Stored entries
+ + + + +

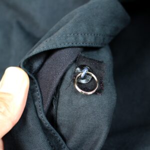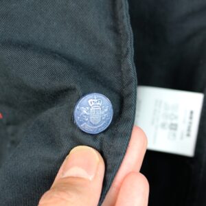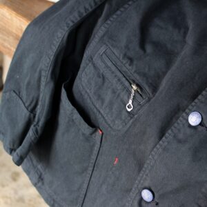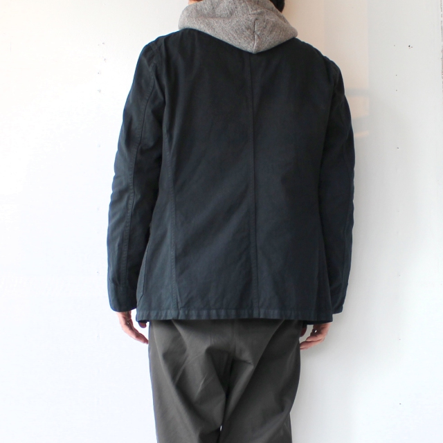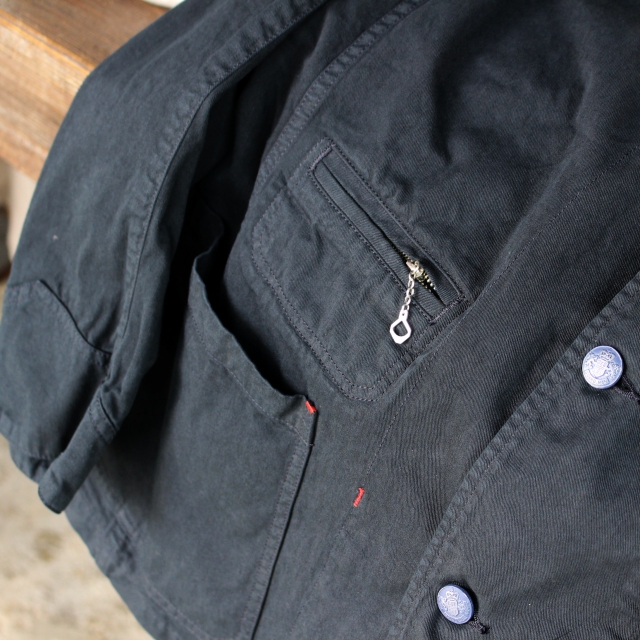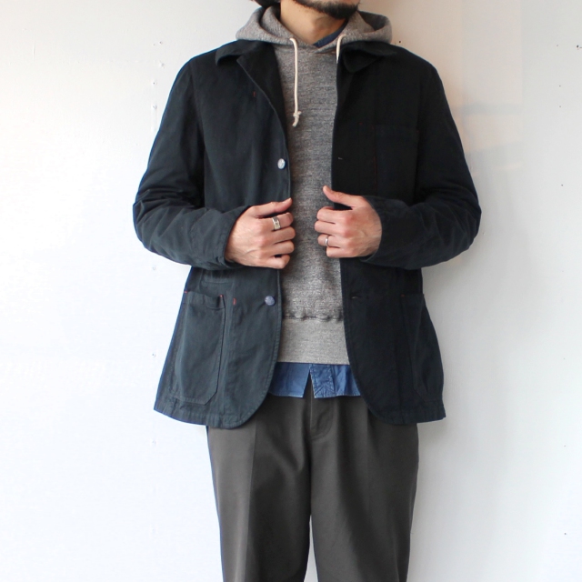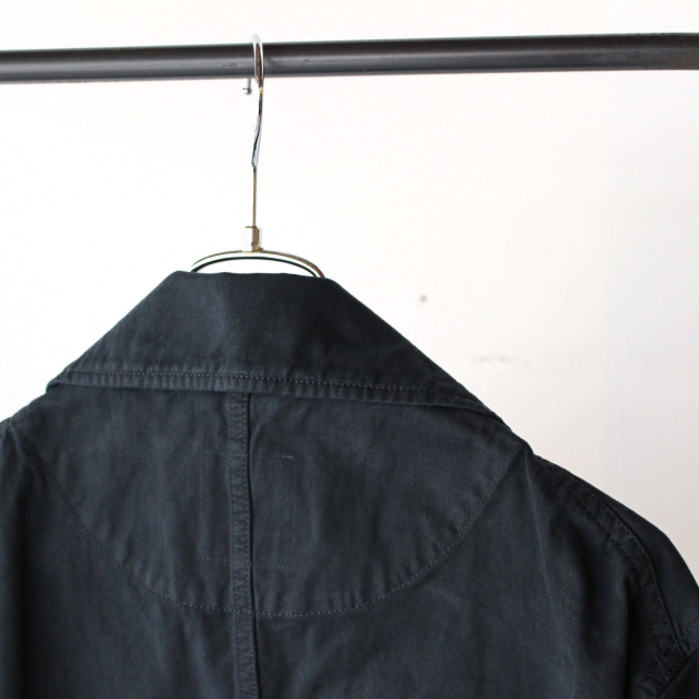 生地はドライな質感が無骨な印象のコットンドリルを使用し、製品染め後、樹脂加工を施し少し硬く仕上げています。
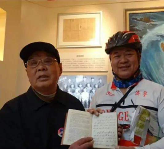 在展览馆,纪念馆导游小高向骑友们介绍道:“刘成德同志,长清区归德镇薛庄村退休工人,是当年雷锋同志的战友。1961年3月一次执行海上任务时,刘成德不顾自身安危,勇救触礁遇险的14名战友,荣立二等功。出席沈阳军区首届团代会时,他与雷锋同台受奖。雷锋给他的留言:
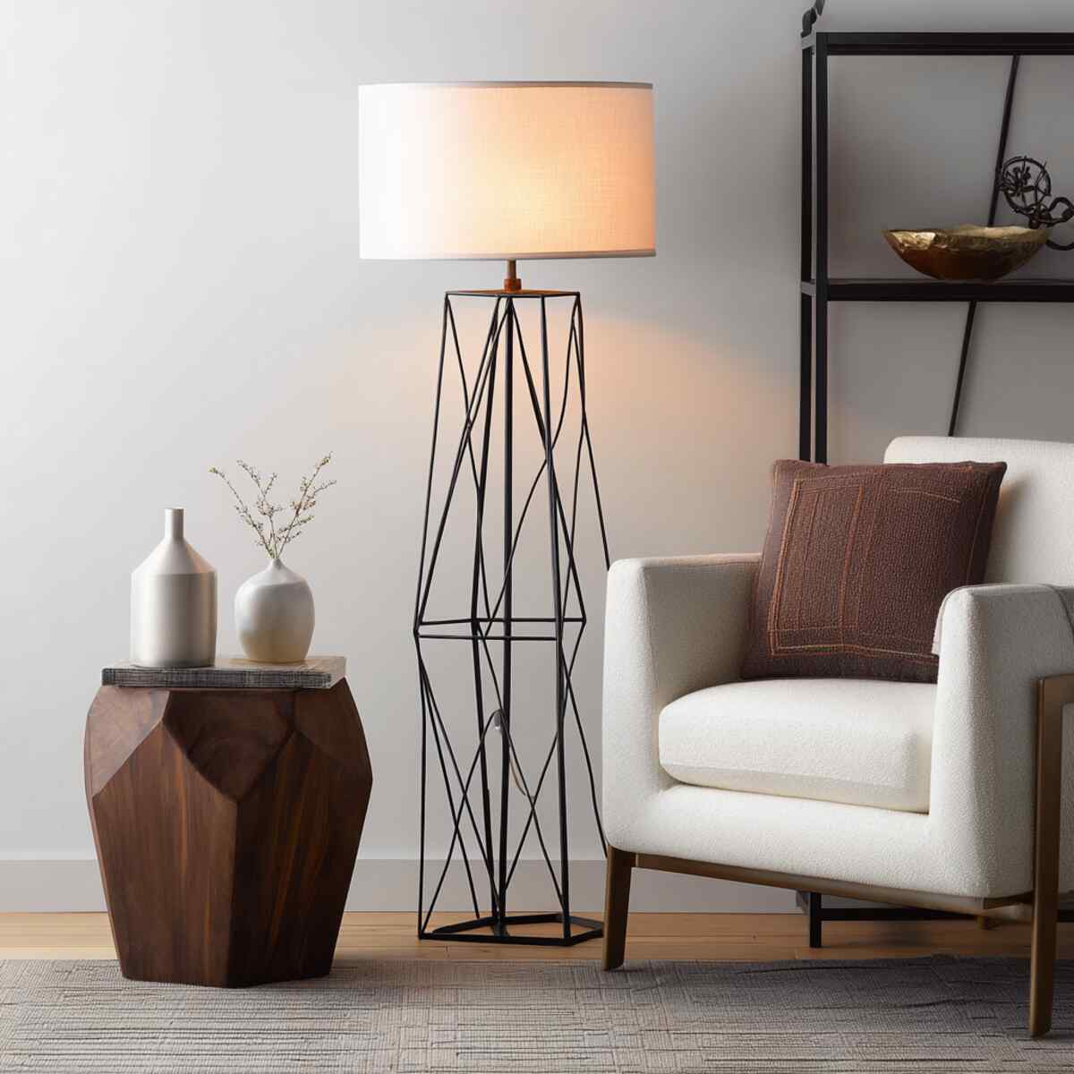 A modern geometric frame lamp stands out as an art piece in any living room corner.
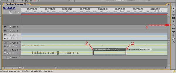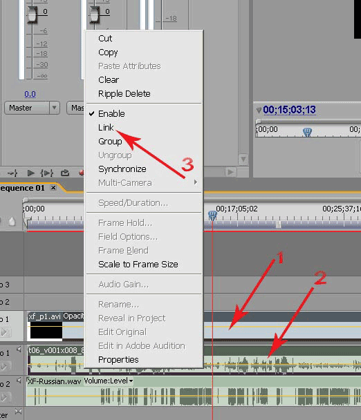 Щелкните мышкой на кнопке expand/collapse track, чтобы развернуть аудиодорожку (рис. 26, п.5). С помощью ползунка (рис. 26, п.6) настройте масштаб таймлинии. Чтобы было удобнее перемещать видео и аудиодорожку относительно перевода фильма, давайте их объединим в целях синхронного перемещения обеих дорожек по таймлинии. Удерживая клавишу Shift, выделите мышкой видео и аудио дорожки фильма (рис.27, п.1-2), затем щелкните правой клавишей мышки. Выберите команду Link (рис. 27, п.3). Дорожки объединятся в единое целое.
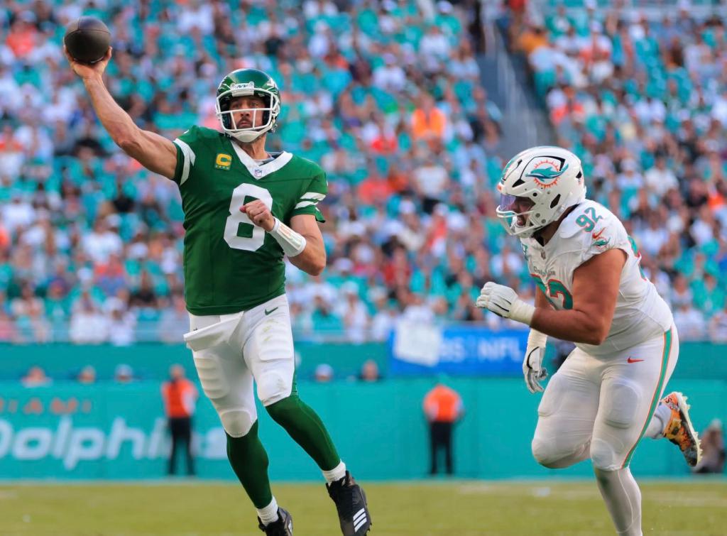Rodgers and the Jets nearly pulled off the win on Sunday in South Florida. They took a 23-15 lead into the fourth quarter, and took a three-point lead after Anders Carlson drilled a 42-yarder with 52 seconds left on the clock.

+ + + + +

**Task brief:**
Set down all the data again exactly as above, pictures excluded.

**Result of this exercise:**
 生地はドライな質感が無骨な印象のコットンドリルを使用し、製品染め後、樹脂加工を施し少し硬く仕上げています。
 在展览馆,纪念馆导游小高向骑友们介绍道:“刘成德同志,长清区归德镇薛庄村退休工人,是当年雷锋同志的战友。1961年3月一次执行海上任务时,刘成德不顾自身安危,勇救触礁遇险的14名战友,荣立二等功。出席沈阳军区首届团代会时,他与雷锋同台受奖。雷锋给他的留言:
 A modern geometric frame lamp stands out as an art piece in any living room corner.
 Щелкните мышкой на кнопке expand/collapse track, чтобы развернуть аудиодорожку (рис. 26, п.5). С помощью ползунка (рис. 26, п.6) настройте масштаб таймлинии. Чтобы было удобнее перемещать видео и аудиодорожку относительно перевода фильма, давайте их объединим в целях синхронного перемещения обеих дорожек по таймлинии. Удерживая клавишу Shift, выделите мышкой видео и аудио дорожки фильма (рис.27, п.1-2), затем щелкните правой клавишей мышки. Выберите команду Link (рис. 27, п.3). Дорожки объединятся в единое целое.
Rodgers and the Jets nearly pulled off the win on Sunday in South Florida. They took a 23-15 lead into the fourth quarter, and took a three-point lead after Anders Carlson drilled a 42-yarder with 52 seconds left on the clock.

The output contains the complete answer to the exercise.